Строитель жадно обнял худыми пальцами бутылку, запрокинул голову и полбутылки отхватил разом. Хотел отнять бутылку от горла, да задрожали руки, и вместе с табуретом опрокинулся строитель затылком об пол. И бутылка, выпустив коньяк на лицо, на коричневый с серебряными пуговицами китель, осколками звякнула по полу.

Подполковник Прилуцкий гоготал тяжко, как мортирная батарея:

— Го-го-го! Го-го-го!

А строитель ползал по полу, собирая ноги. Ног у него стало много, не сосчитать: уже до сотни доходят.

— Эй! Пенчо! — сказал подполковник. — На сани его!

И строитель повис, как мокрое полотенце, на крепкой руке подполковника. Прилуцкий — впереди, за ним — Пенчо, за Пенчо — все офицеры: к пруду.

У пруда подполковник стряхнул строителя с руки.

— Привязывай!

— Господин полковник, не убивайте! Я бедный строитель… Не нужно… Для вас же на пути работаю…

— Это ты на что намекаешь? — нахмурился подполковник. — Это ты на что намекаешь, что нам еще дальше отступать нужно? А? А впрочем, — прибавил он, — пшел к черту. Катись на кобылке!

Согнувшись, слабый от испуга и трезвый, шагом отъезжал от Вышек на дебелой кобыле строитель. И страшен был ему белый огромный лес, и белое огромное небо, и безглазая, бессмысленная луна.

И пуще всего грустно ему было потому, что не пить ему больше в Вышках с офицерами.

А в Вышках со дня на день пуще пили, а напившись — к пруду: кружиться на санях навстречу морозному ветру.

Однажды хозяин собрания сказал:

— Господа офицеры! Вино кончается. На две недели еще хватит, а дальше — крышка. Сегодня строителя встретил. Он берется купить, ежели поручат. Заявится сюда — условиться.

Подполковник Прилуцкий гаркнул:

— К черту! А вот что: в сутки все вино кончим. Азарт. В скачки пойдем: кто кого перепьет? А кто всех перепьет — тому отпуск устрою. Идет?

С вечера началось. На пруду, у чертова колеса, поставили дневального. И при собрании полувзвод дежурил. Свалится офицер, и волокут его за ноги к пруду, там покрутят на санях — и хмель из головы выйдет. Встанет офицер:

— Спасибо, братцы.

А солдаты:

— Рады стараться, ваш-всокродь!

А офицер опять в собрание пить, но уж не уехать ему в отпуск: вышел из строя.
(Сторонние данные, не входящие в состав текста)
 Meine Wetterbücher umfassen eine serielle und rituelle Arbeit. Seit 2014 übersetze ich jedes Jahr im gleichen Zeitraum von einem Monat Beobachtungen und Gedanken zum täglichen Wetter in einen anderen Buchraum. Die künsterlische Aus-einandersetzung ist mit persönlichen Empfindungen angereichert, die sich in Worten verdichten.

Пьет офицер, пока опять не поволокут его на сани, чтобы выкрутить из тела вино.

Сначала по чинам шло: валились прапорщики, за прапорщиками — подпоручики, за теми — поручики. А дальше — без чина: кто капитан, а кто прапорщик — не разобрать, все одинаково пьяны. И оказалось — крепче всех подполковник Прилуцкий и прапорщик Пенчо. К вечеру второго дня все еще сидели они друг против друга, будто трезвые, и стакан за стаканом гоняли в желудок вино.
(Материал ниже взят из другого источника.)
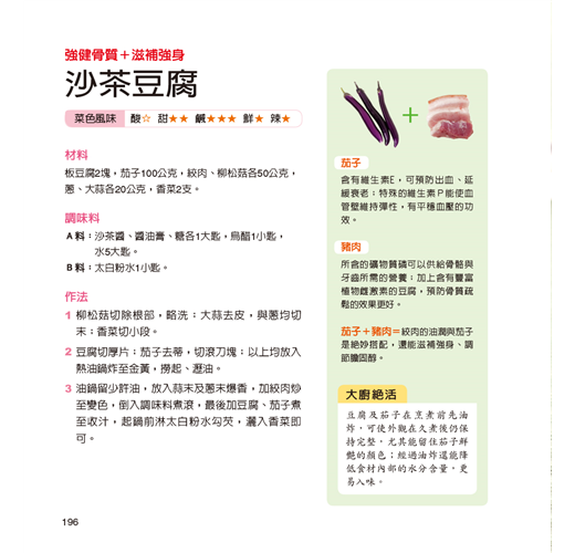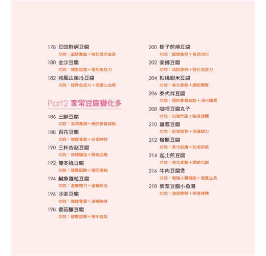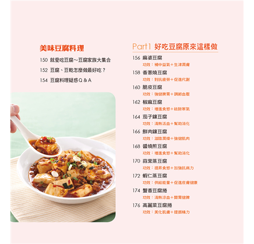 ●豆腐口感軟嫩清淡,無論涼拌、煎炒或燒滷,都能吃出美味,以常見的豆腐食材,包括板豆腐、嫩豆腐、雞蛋豆腐、凍豆腐、百頁豆腐、干絲、豆乾、臭豆腐、油豆腐等十餘種豆類加工品,逐一介紹採買、處理和烹飪訣竅,教您自己在家輕鬆做好豆腐料理。

Так застал их строитель, робко застрявший в дверях.

— А!.. Пся крев. Иди — пей.

Строитель молча опрокинул два стакана, закусил и провел, распрямившись, пальцем по желтым усам. Выпил еще и заговорил негромко:

— Все ясно. Все правильно. Все хорошо. Если только людей не обижать. Вот я, например… Я на пути работаю. Для вас же, господ офицеров, работаю, и сам я, может быть, тоже офицер.

И так как прислушивались к нему офицеры, он встал, глазки у него блеснули, и продолжал:

— Все вы тут хорошие люди. А меня обижаете. Зачем? Я — прекрасный человек. Я — замечательный человек. Я, например, стихи пишу и посылаю в газеты. Душа у меня русская, откровенная, а вы говорите — пся крев. С вином ко мне…

Но тут прапорщик Пенчо ткнул его легонько в грудь, и строитель опрокинулся на табурет.

— Молчи!

И когда встал прапорщик Пенчо, не шатался, но по лицу, по слишком четким движениям поняли все: пьян человек, и так пьян, что никогда больше не отрезвеет, хоть десять кругов на санях открути.

— Господа офицеры! — сказал прапорщик Пенчо. — Спасите меня. Я погибаю. Тело мое жаждет покоя, а душа счастья.

И, покачнувшись, прапорщик Пенчо вырыгнул на стол вино.

Подполковник Прилуцкий загоготал радостно:

— Крышка тебе! Не выдержал. Раз такое делаешь, не выдержал: пьян. Я всех перепил! Я! Я в отпуск поеду! Я! Я всех перепил!

Поставил стакан и рукавом опрокинул бутылку. Из горлышка полилось красное вино.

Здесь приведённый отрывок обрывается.